■ Work instructions
Please write out all of the data below exactly, without including the pictures.

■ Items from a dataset
++++
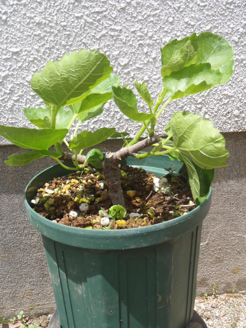 先週、鉢まししたイチジクに肥料をあたえトリミング(剪定)しました。
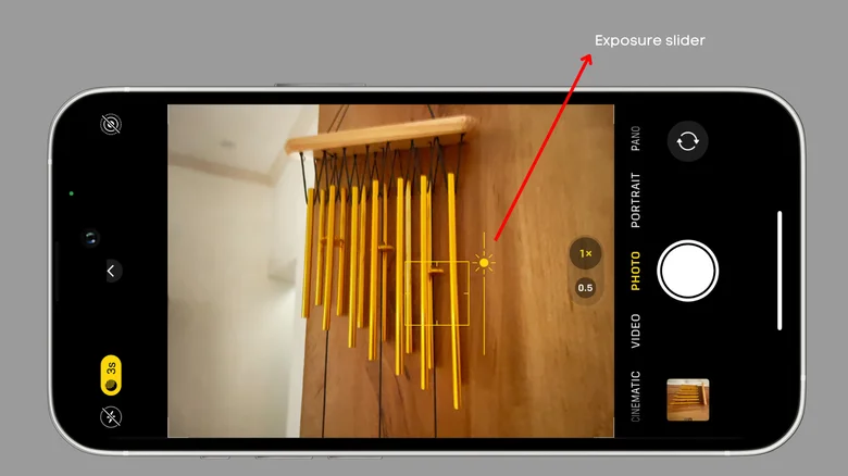 如果你手动调整曝光,可以拍出更好的照片。你可以在点击屏幕对焦后,通过黄色方块右侧的垂直滑块调整曝光。向上拖动滑块会增加曝光时间,从而增加iPhone拍摄照片的时间,即捕捉时间。相反,向下拖动滑块则会降低曝光,从而减少捕捉时间。
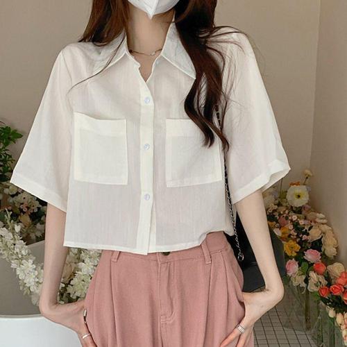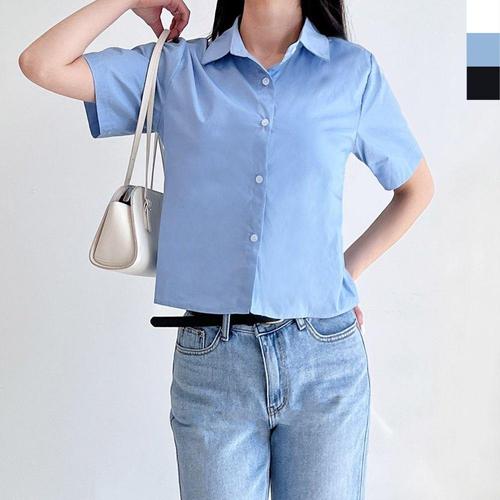 [셀럽하우스]여자 PMEQ4969 린넨 여름 트렌드 크롭 반팔셔츠 데일리 카라 루
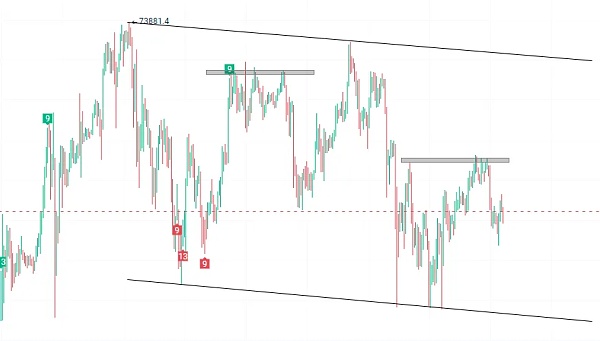 震荡区间也是有三波上涨,每波上涨的量能也在减弱,高点也没有依次变高,这说明多头乏力,上方存在较强的阻碍。总体来说价格距离下方支撑比较近,上方阻力较远,新一轮的空头也开始继续尝试往下跌。不过就目前的这种缩量下跌,以及靠近关键支撑位,是很容易发生变盘的。
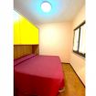Bilocale al piano terra, composto da una camera da letto matrimoniale, soggiorno con angolo cottura e divano letto matrimoniale, tv, bagno con box doccia, aria condizionata, veranda coperta, giardino riservato, posto auto condominiale, lavatrici a gettone all’interno del Residence, docce esterne.
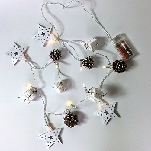Pine Cone Garland - LED Lighted Christmas Garland with Real Pinecones, White Metal Stars and Wrapped Gifts - Holiday String Lights - 200+ Hours of Battery Life
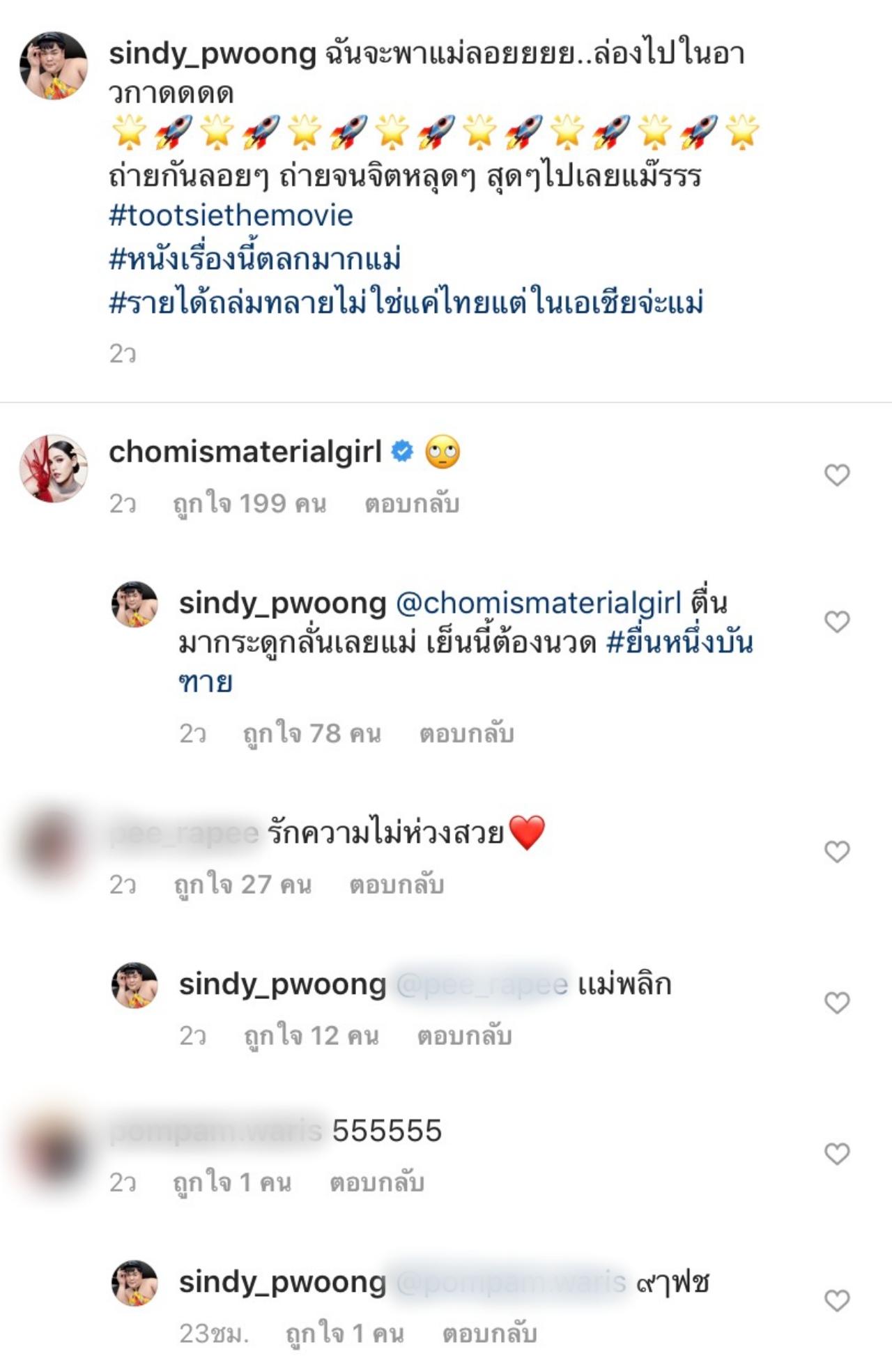 โดยล่าสุด สาวชมพู่ได้หวนกลับมารับเล่นหนังอีกครั้งเรื่อง ตุ๊ดซี่ส์ เดอะมูฟวี่ ซึ่งทำเอา ปิงปอง ธงชัย ทองกันธม หรือ ปิงปอง ไดอารี่ตุ๊ดซี่ส์ ที่ได้ร่วมงานกับสาวชมพู่เป็นครั้งแรก ถึงกับดีใจไม่น้อย และงานนี้ปิงปองก็ไม่พลาดที่จะขอแชะภาพถ่ายรูปกับสาวชม แต่งานนี้ไม่ใช่การถ่ายรูปแบบสวยๆ แต่เป็นการถ่ายภาพแบบไม่ห่วงสวย ด้วยการเหลือกตามองขึ้นบน พร้อมแคปชั่นว่า “ฉันจะพาแม่ลอยยยย..ล่องไปในอาวกาดดดด ถ่ายกันลอยๆ ถ่ายจนจิตหลุดๆ สุดๆ ไปเลยแม๊รรร #tootsiethemovie #หนังเรื่องนี้ตลกมากแม่ #รายได้ถล่มทลายไม่ใช่แค่ไทยแต่ในเอเชียจ่ะแม่”
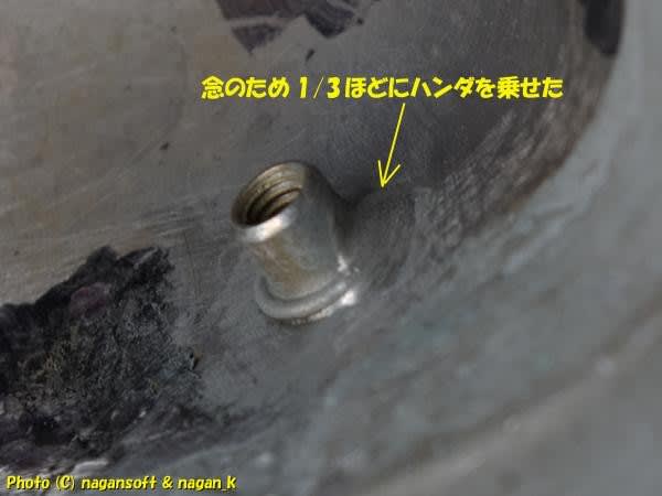 カバーの鉄が薄いからねー。念のためにと思い裏側ブラインドナット飛び出し部分の3分の1ほどにハンダを渡しておきました。
++++
■ Solved problem
 先週、鉢まししたイチジクに肥料をあたえトリミング(剪定)しました。
 如果你手动调整曝光,可以拍出更好的照片。你可以在点击屏幕对焦后,通过黄色方块右侧的垂直滑块调整曝光。向上拖动滑块会增加曝光时间,从而增加iPhone拍摄照片的时间,即捕捉时间。相反,向下拖动滑块则会降低曝光,从而减少捕捉时间。
 [셀럽하우스]여자 PMEQ4969 린넨 여름 트렌드 크롭 반팔셔츠 데일리 카라 루
 震荡区间也是有三波上涨,每波上涨的量能也在减弱,高点也没有依次变高,这说明多头乏力,上方存在较强的阻碍。总体来说价格距离下方支撑比较近,上方阻力较远,新一轮的空头也开始继续尝试往下跌。不过就目前的这种缩量下跌,以及靠近关键支撑位,是很容易发生变盘的。
Bilocale al piano terra, composto da una camera da letto matrimoniale, soggiorno con angolo cottura e divano letto matrimoniale, tv, bagno con box doccia, aria condizionata, veranda coperta, giardino riservato, posto auto condominiale, lavatrici a gettone all’interno del Residence, docce esterne.
Pine Cone Garland - LED Lighted Christmas Garland with Real Pinecones, White Metal Stars and Wrapped Gifts - Holiday String Lights - 200+ Hours of Battery Life
 โดยล่าสุด สาวชมพู่ได้หวนกลับมารับเล่นหนังอีกครั้งเรื่อง ตุ๊ดซี่ส์ เดอะมูฟวี่ ซึ่งทำเอา ปิงปอง ธงชัย ทองกันธม หรือ ปิงปอง ไดอารี่ตุ๊ดซี่ส์ ที่ได้ร่วมงานกับสาวชมพู่เป็นครั้งแรก ถึงกับดีใจไม่น้อย และงานนี้ปิงปองก็ไม่พลาดที่จะขอแชะภาพถ่ายรูปกับสาวชม แต่งานนี้ไม่ใช่การถ่ายรูปแบบสวยๆ แต่เป็นการถ่ายภาพแบบไม่ห่วงสวย ด้วยการเหลือกตามองขึ้นบน พร้อมแคปชั่นว่า “ฉันจะพาแม่ลอยยยย..ล่องไปในอาวกาดดดด ถ่ายกันลอยๆ ถ่ายจนจิตหลุดๆ สุดๆ ไปเลยแม๊รรร #tootsiethemovie #หนังเรื่องนี้ตลกมากแม่ #รายได้ถล่มทลายไม่ใช่แค่ไทยแต่ในเอเชียจ่ะแม่”
 カバーの鉄が薄いからねー。念のためにと思い裏側ブラインドナット飛び出し部分の3分の1ほどにハンダを渡しておきました。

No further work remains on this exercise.